Data compression examples in Python:

In Python, there are several built-in modules and libraries that can be used for data compression. The two main ones are gzip and zipfile. Both modules are included in the standard library of Python, which means they are built into Python by default and can be used without the need to install any external packages or modules.

The gzip module provides a simple way to compress and decompress files using the gzip format, which is a common file format used for compressing files on Unix-based systems. The module provides functions to read and write gzip files, as well as utilities to compress and decompress data in memory.

The ZipFile module provides a way to create, read, and extract files from ZIP archives. ZIP files are a popular way to package multiple files into a single file, and the zipfile module makes it easy to work with these files in Python.
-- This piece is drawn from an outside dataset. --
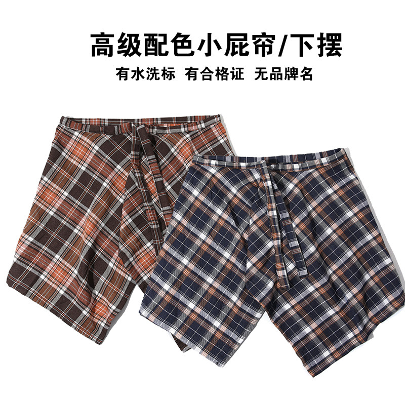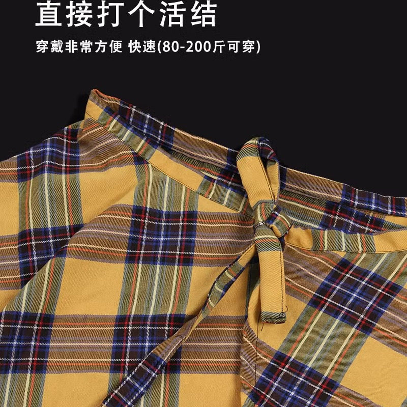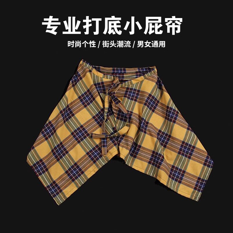 格子屁帘叠穿下摆一片式 系带腰封小摆裙系腰舞蹈外搭遮臀罩裙女

The module provides functions to create new ZIP files, add files to existing ZIP files, and extract files from ZIP files.

gzip

Here is an example of gzip as used in code. Please note that you need to have gzip installed in your Python environment to run this code.

import gzip

## compress a file
with open('data.txt', 'rb') as f_in, gzip.open('data.txt.gz', 'wb') as f_out:
    f_out.writelines(f_in)

## decompress a file
with gzip.open('data.txt.gz', 'rb') as f_in, open('data2.txt', 'wb') as f_out:
    f_out.writelines(f_in)

Given an input file data.txt , this will generate a compressed version of the file. It will then decompress the same file back into a new data2.txt file.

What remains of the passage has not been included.